### REQUIREMENT
Could you write out, exactly and with no pictures, every line from the one containing "Francouzská centrála Mazars" through the last line of the entries?

Stored records:
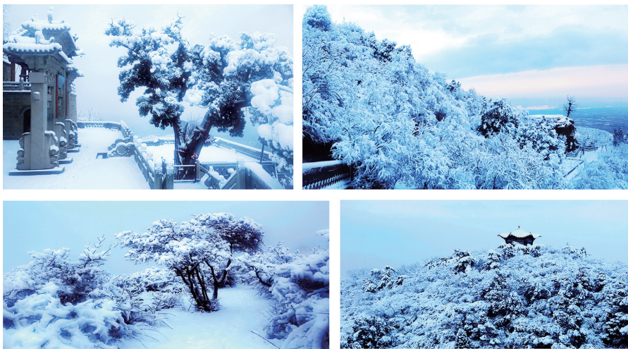
银装(组照) 作者:王春雷
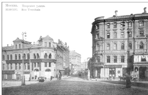
Тверская улица. 1900-е гг.

Подобные меры предосторожности предпринимались в связи с большим количеством «шалых людей», коих в Москве во все времена было в избытке. Известно, например, что еще в 1722 г. Петр I посоветовал гостям, которые приехали в Кремль 1 января, чтобы поздравить царскую семью с Новым годом, разъехаться по домам засветло «во избежание какого-либо несчастья, легко могущего произойти в темноте от разбойников».
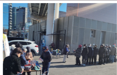
▲ 무학교회 후원 털모자 나눔
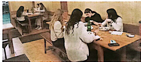
Lau lagunek jan dezakete mahai bakoitzean.
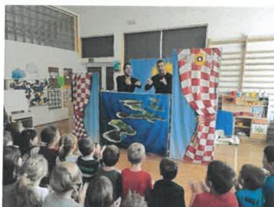
Slika 16. i 17. Predstava „Pingvin u Hrvatskoj“ izvođača iz studija Suncokret

U listopadu su djeca iz skupine Pčelice uživala u društvu umirovljenica iz Matice umirovljenika Daruvar, kada su gošće zajedno s djecom izradile prigodnu "sliku" koja je ostala kao uspomena na lijepo druženje u Vrtiću. Ujedno je svako dijete dobilo prigodnu poklon vrećicu koje su napravile vrijedne ruke umirovljenica.
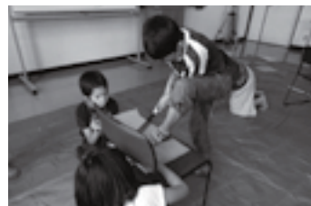
発明展出品作品の製作
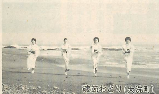
磯節おどり(大洗町)
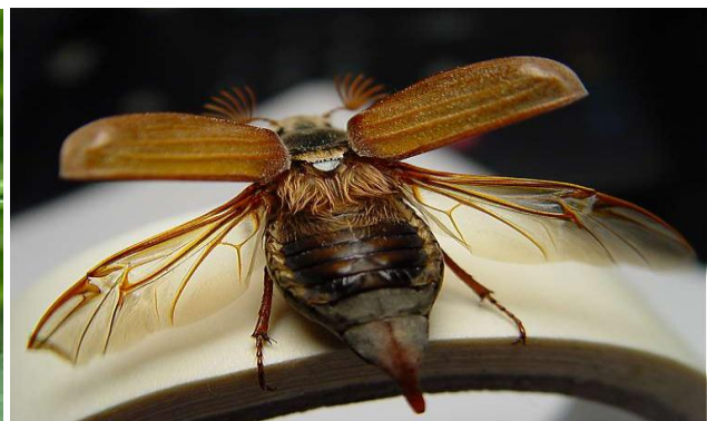
Izinzer / Hannceton
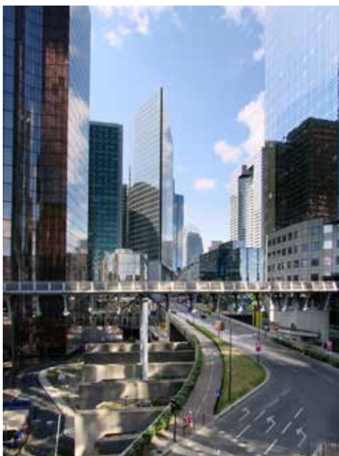
Francouzská centrála Mazars sídlí v pařížské čtvrti La Défense
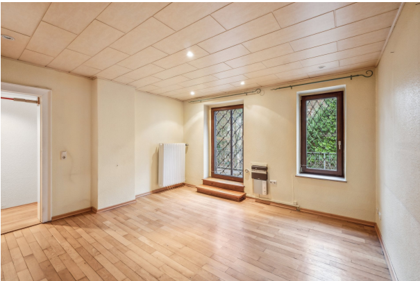
Kinderzimmer im 1. OG

### ANSWER SECTION
Francouzská centrála Mazars sídlí v pařížské čtvrti La Défense
Kinderzimmer im 1. OG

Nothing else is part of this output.